### Assignment
Without any pictures, print the lines below from the one that has "Общая площадь37,47 м2" through the one that has "Når du træder", exactly and nothing else.

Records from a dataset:
BEGIN

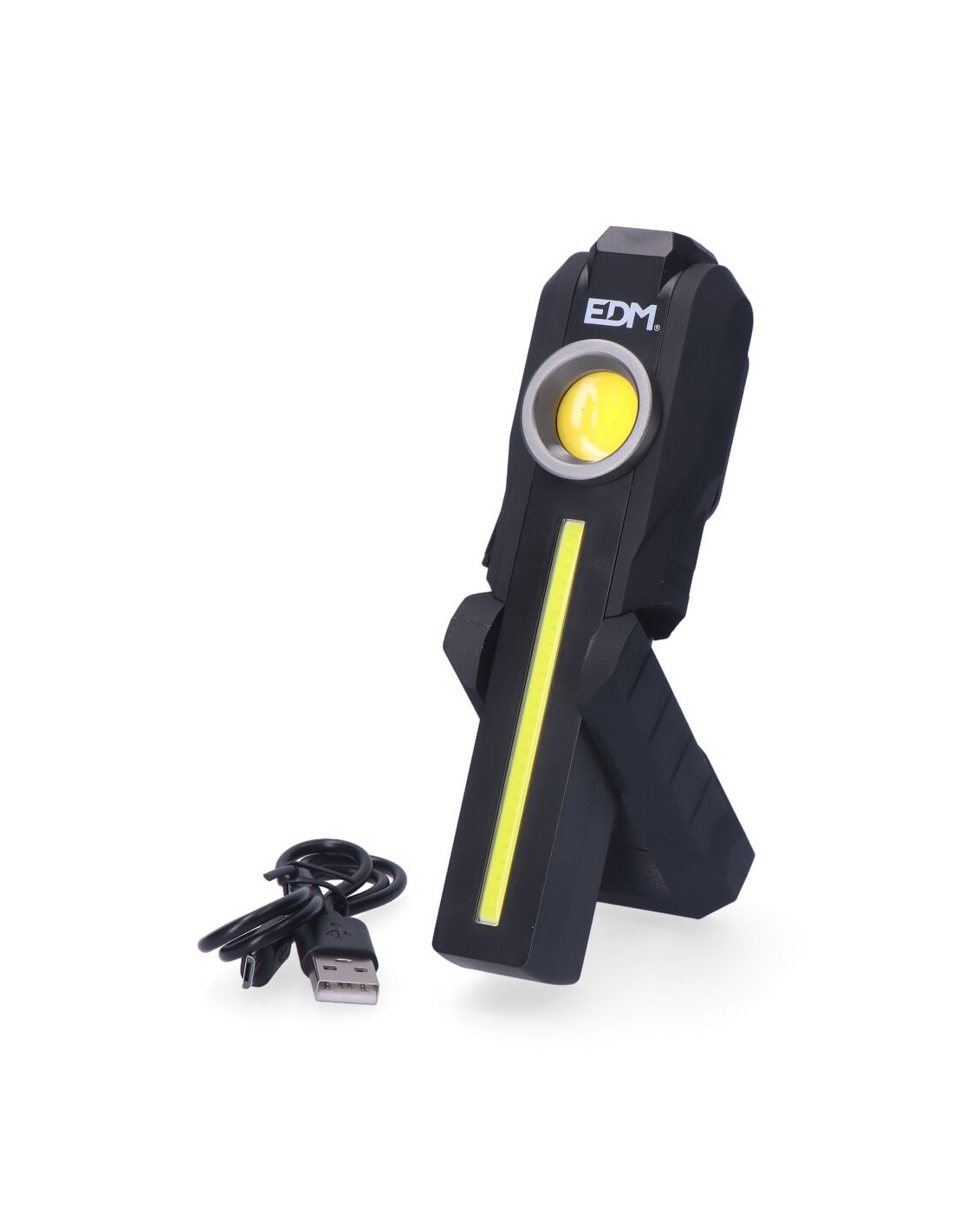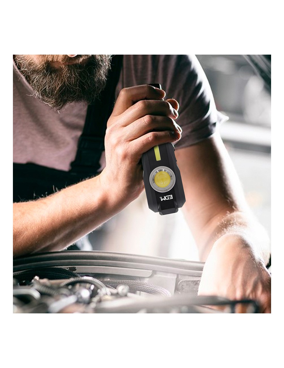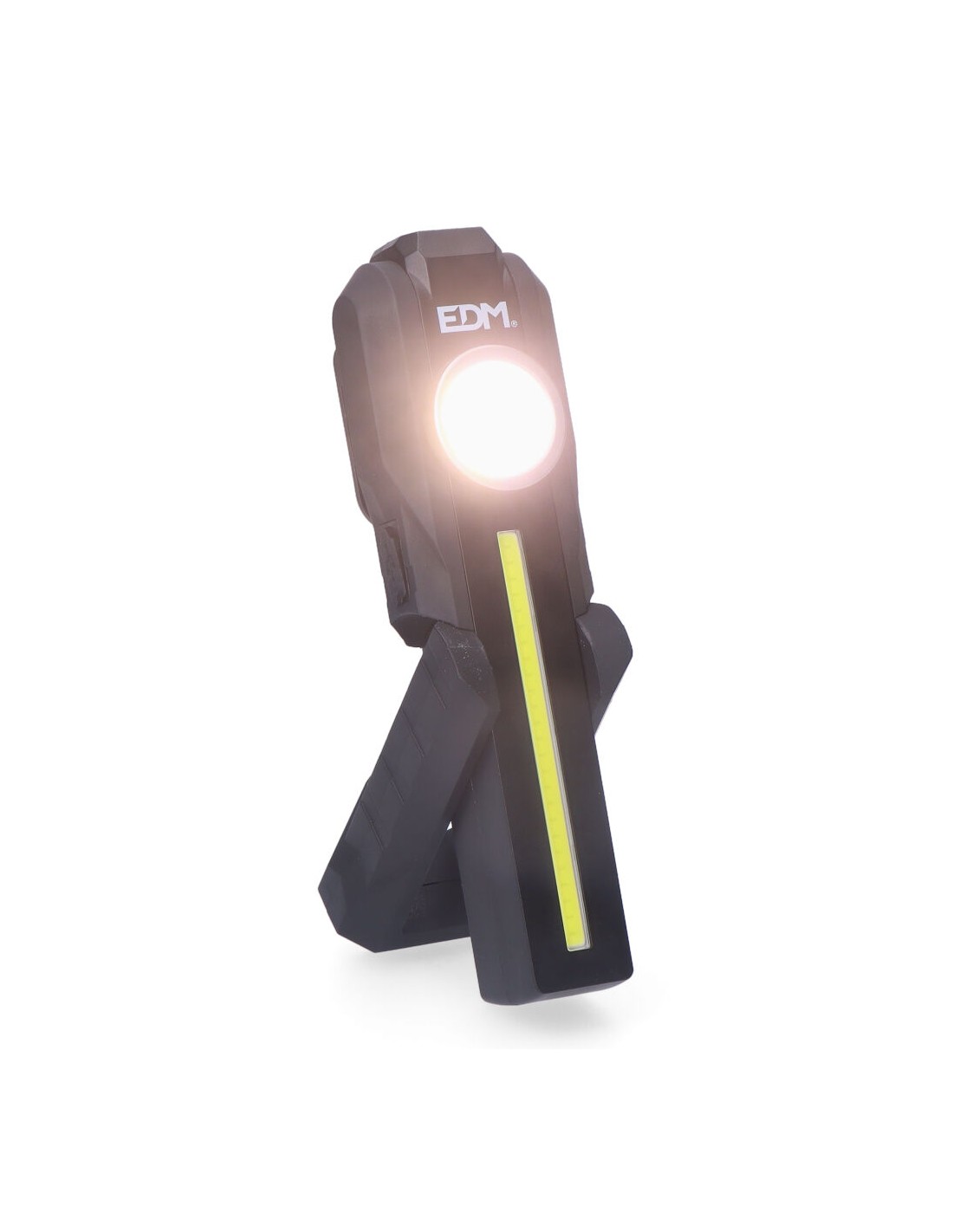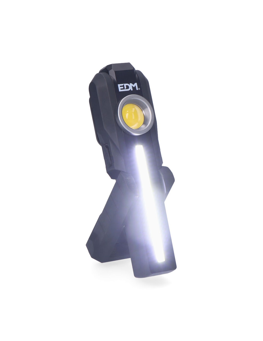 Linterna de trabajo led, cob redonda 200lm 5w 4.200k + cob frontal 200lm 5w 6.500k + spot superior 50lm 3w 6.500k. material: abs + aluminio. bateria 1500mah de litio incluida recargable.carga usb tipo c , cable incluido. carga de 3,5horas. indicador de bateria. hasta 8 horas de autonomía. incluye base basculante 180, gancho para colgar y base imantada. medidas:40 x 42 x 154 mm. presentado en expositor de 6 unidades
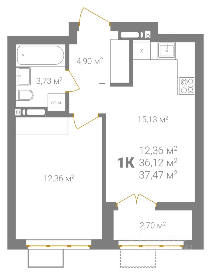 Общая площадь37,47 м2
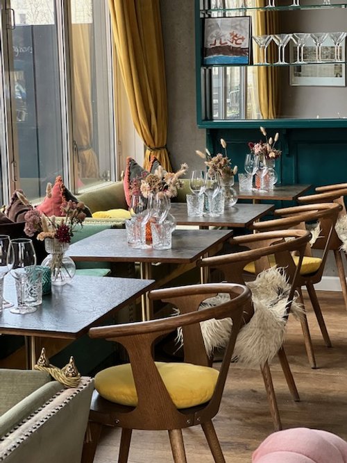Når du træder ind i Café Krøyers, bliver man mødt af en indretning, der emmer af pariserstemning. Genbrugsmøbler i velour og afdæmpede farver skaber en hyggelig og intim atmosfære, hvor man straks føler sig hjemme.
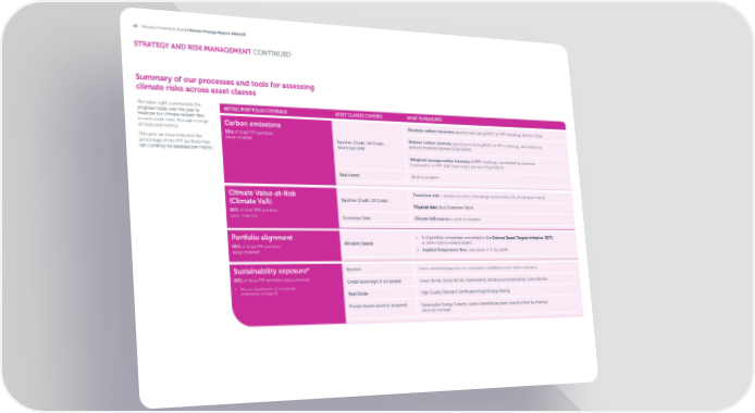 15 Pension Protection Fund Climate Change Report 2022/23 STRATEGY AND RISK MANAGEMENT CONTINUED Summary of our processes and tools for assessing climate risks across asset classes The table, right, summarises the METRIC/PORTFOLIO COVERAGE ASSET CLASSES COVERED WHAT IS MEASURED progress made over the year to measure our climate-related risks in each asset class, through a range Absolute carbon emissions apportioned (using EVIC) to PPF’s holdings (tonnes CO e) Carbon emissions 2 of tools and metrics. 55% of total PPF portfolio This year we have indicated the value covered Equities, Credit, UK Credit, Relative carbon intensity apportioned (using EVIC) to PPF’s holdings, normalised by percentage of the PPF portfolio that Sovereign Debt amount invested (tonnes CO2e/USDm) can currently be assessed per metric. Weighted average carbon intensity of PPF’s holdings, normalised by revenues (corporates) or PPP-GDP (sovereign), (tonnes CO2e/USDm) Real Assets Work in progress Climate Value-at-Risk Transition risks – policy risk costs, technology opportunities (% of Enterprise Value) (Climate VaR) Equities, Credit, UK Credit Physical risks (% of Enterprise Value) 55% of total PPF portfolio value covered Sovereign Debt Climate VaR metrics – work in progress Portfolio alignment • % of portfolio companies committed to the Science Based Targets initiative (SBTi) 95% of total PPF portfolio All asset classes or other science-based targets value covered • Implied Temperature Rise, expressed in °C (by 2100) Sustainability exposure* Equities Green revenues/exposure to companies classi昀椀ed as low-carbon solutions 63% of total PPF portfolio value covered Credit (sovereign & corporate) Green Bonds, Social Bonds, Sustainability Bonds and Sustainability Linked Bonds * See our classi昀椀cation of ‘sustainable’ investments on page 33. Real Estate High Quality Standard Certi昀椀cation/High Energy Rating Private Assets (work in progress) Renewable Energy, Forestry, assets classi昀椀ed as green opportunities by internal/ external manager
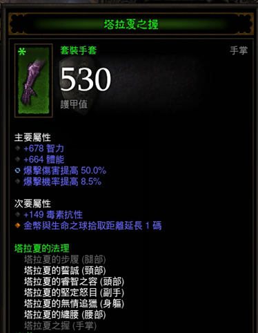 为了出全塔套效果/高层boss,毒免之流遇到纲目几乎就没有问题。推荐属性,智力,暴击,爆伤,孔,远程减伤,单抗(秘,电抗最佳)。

END

### Output of the task
 Общая площадь37,47 м2
Når du træder ind i Café Krøyers, bliver man mødt af en indretning, der emmer af pariserstemning. Genbrugsmøbler i velour og afdæmpede farver skaber en hyggelig og intim atmosfære, hvor man straks føler sig hjemme.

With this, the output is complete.